The girl looked at her in silence. Then she took off her turban and stuck the long black pins back into it.

“I thought you liked him,” she said, slowly.

“I do, but Mr. Grover wants you—an’ I like him better.”

“Wants me!” Mariella drew up her shoulders proudly.

“Yes, you,” replied Mrs. Mansfield, laughing. The humor of the situation was beginning to appeal to her. “He says he’d told you. You must of laughed after I told you he wanted me.”

“Oh, ma, does he want me, honest?”

“Yes, he does.” She was still laughing.

“An’ don’t you mind, ma?”

“Not a mite,” said the widow, cheerfully. “I’d rather he’d marry you than me; only, I thought he was too nice a man to be lost to the fam’ly.”

“Oh, ma!”

“Well, get to bed now. He’s comin’ in the mornin’ to see you.”
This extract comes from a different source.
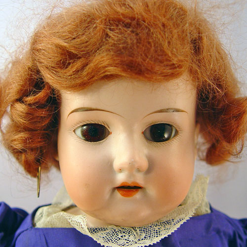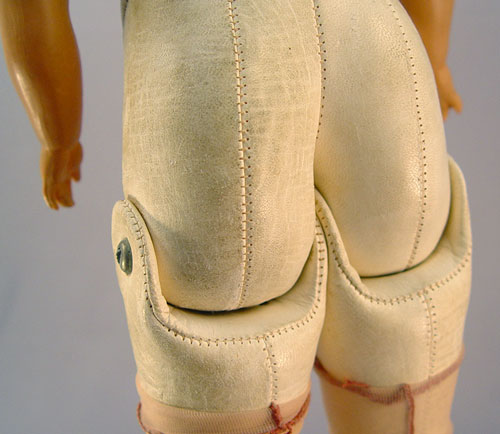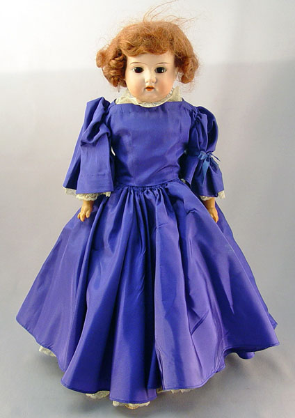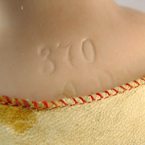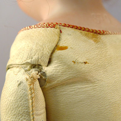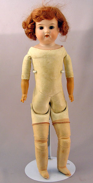BISQUE PORCELAIN SHOULDER HEAD DOLL: Brown glass open eyes, open mouth with teeth. Marked 870, partial marks visible under kid leather. Kid leather body and legs, hard plastic hands. 19'' long.
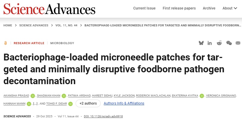如今,加拿大麦克马斯特大学的研究团队给出了创新方案——将噬菌体与医疗领域常用的微针技术结合,研发出一种微针贴片。这种贴片尺寸比指甲盖更小,表面布满微小针头。使用时,只需将贴片贴在食品表面,微小针头就能直接将噬菌体“注射”到食物内部,精准作用于潜藏在食物中的致病菌,且不会对食物的结构造成破坏,也不会影响食物中的有益菌群。

She took up the lamp and stood holding it irresolutely.

“Pills,” she said, looking embarrassed, “You won’t ever tell him that I—— that I——”

“Never, ma!” exclaimed the girl, earnestly; “as long as I live.”

“All right, then. Look out! You’re droppin’ tallo’ from your candle! Don’t hold it so crooked, child! I wouldn’t like him to laugh about it. Good-night.”

As she passed through the kitchen she called out: “Oh, Pills! Mr. Jordan brought in a mess of trout. We’ll have ’em fried for breakfast.”

The girl came running after her mother, and threw her arms around her.

“Oh, ma, are you sure you don’t care a bit?”

“Not a bit,” said Mrs. Mansfield, kissing her heartily. “I just thought he ought to be in the family. I’m glad it’s turned out this way. Now, you go to bed, an’ don’t forget to roll up your bangs.”

She went into her room and shut the door.